AFAIK, This is one of the goal of XeteX which will be supported in the
upcoming MikteX-2.7.
Correct. XeTeX is definitely something to watch in this area. But it's
going to be a while before we can really switch to XeTeX, and until then
we need solutions.
Switching based on characters would allow us to automate the switch
when Unicode is used, so we don't have to (ab)use language for that.
This is what I proposed before 1.5.0. You're right, for example you
don't need to know the language to properly typeset Farsi or Arabic (at
least in theory), the same thing applies to CJK. At the time Dov and
Georg had some very good argument in favor of setting the language
unconditionally though (and spellcheck was one of them).
Well, LaTeX needs language information in order to typeset correctly.
Even for things like spacing around punctuation, which is different
between French and English, even though they both use the same encoding.

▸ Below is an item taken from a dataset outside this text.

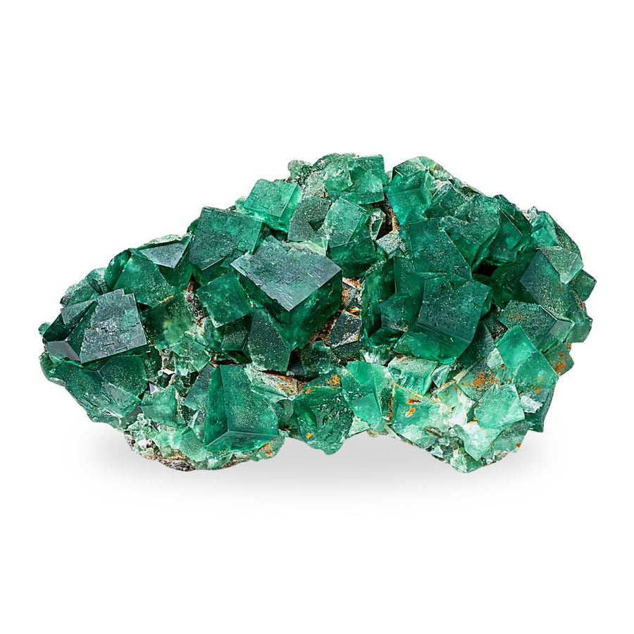 This English Fluorite is front he Cousin Jack Pocket of the well-known Rogerley Mine in Durham, England, wherein the Weardale valley is one of the most recognizable locality due to its vibrancy. Many of the pieces from the Cousin Jack Pocket are brilliant and rich shades of green- in fact, when this verdant Fluorite was first found in 1818, miners initially thought they had found Emerald.

Certainly for things like RTL/LTR. So language is necessary information.
So is Encoding. Encoding can perhaps be inferred from the characters
themselves, but language cannot. (This Sonnet project sounds
interesting, I am not familiar with it. Thanks for the link, Abdel!)
However, this is not our real problem right now. Our real problem is
being able to transmit the language and/or encoding switches to latex.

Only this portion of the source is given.